Multi-section laser with photonic crystal mirrors
Abstract
Photonic crystal material is used to couple two or more cavities of an optical device to provide tuneable laser output. The monolithically integrated optical device includes: a first optical cavity having a first optical axis and supporting first optical modes; a second optical cavity having a second optical axis and second, different, optical modes than the first optical cavity, the first and second optical cavities being laterally offset from one another and at least partially separated by a photonic crystal material in which the dielectric function of the material exhibits a periodic variation as a function of linear distance through the material, such that optical coupling between the first and second cavities is achieved through the photonic crystal. Multiple cavities can also be integrated in a similar fashion.
Claims
exact text as granted — not AI-modified1 . A monolithically integrated optical device comprising:
a first optical cavity having a first optical axis and supporting first optical modes; a second optical cavity having a second optical axis and second, different, optical modes than the first optical cavity; the first and second optical cavities being laterally offset from one another and at least partially separated by a photonic crystal material in which the dielectric function of the material exhibits a periodic variation as a function of linear distance through the material, such that optical coupling between the first and second cavities is achieved through the photonic crystal.
2 . The optical device of claim 1 in which the first and second optical axes are parallel.
3 . The optical device of claim 1 in which the first and second optical axes are non-parallel.
4 . The optical device of claim 1 in which the first and second optical cavities are of different lengths.
5 . The optical device of claim 4 in which one of the cavity end mirrors of the first optical cavity is co-planar with a corresponding one of the cavity end mirrors of the second optical cavity.

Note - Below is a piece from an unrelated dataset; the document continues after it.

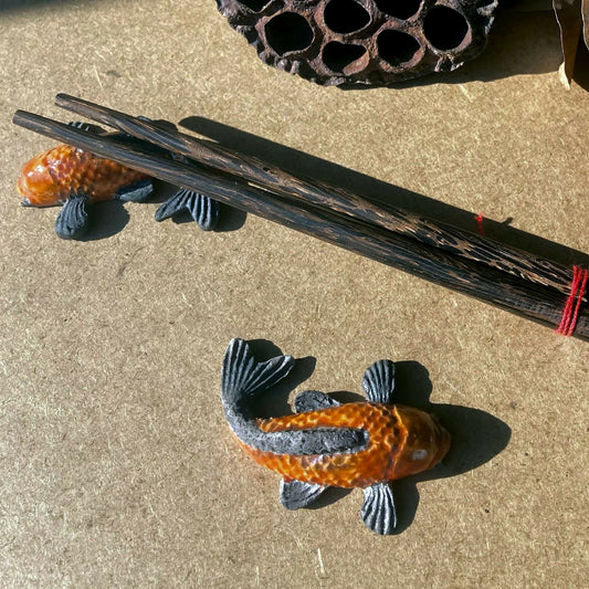 Paire de porte couteau en céramique - carpe koï orange et noir.

6 . The optical device of claim 5 in which the photonic crystal material forms the corresponding cavity end mirrors of the first and second optical cavities.
7 . The optical device of claim 4 in which neither of the cavity end mirrors of the first optical cavity is co-planar with either cavity end mirror of the second optical cavity.

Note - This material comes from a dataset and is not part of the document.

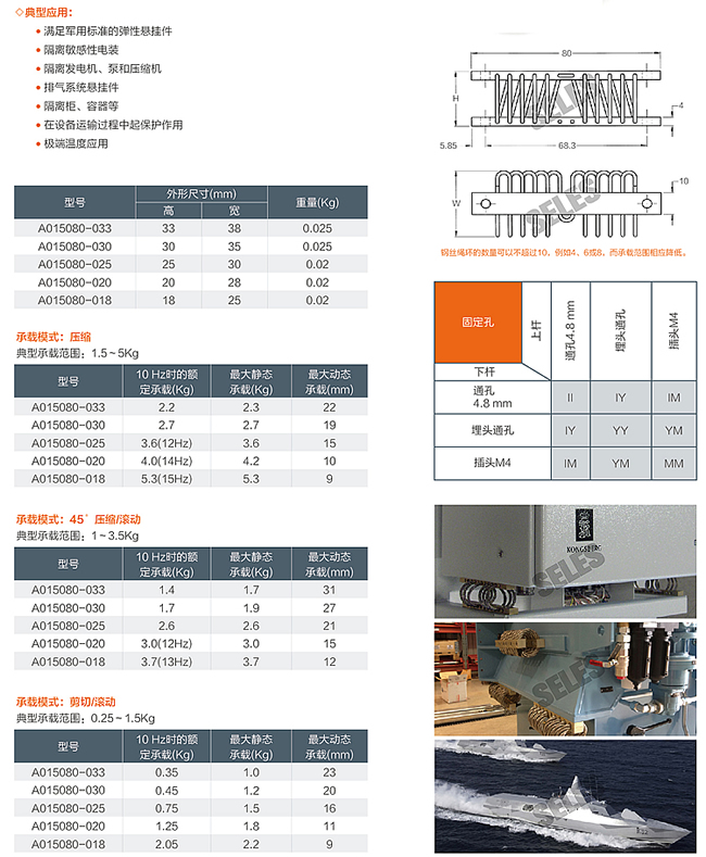 ● 滿足軍用標準的彈性懸掛件

8 . The optical device of claim 1 in which the first and second optical cavities are separated by the photonic crystal material along lateral edges thereof.
9 . The optical device of claim 1 further including at least a third optical cavity having a third optical axis and supporting third optical modes, the optical cavity being separated from at least one of the first or second optical cavities by the same or further photonic crystal material such that optical coupling between the cavities is achieved through the same or further photonic crystal material.
10 . The optical device of claim 1 in which the photonic crystal material exhibits a periodicity along an axis orthogonal to the first and/or the second optical axis.
11 . The optical device of claim 1 in which the photonic crystal material exhibits a periodicity along an axis parallel to the first and/or second optical axis.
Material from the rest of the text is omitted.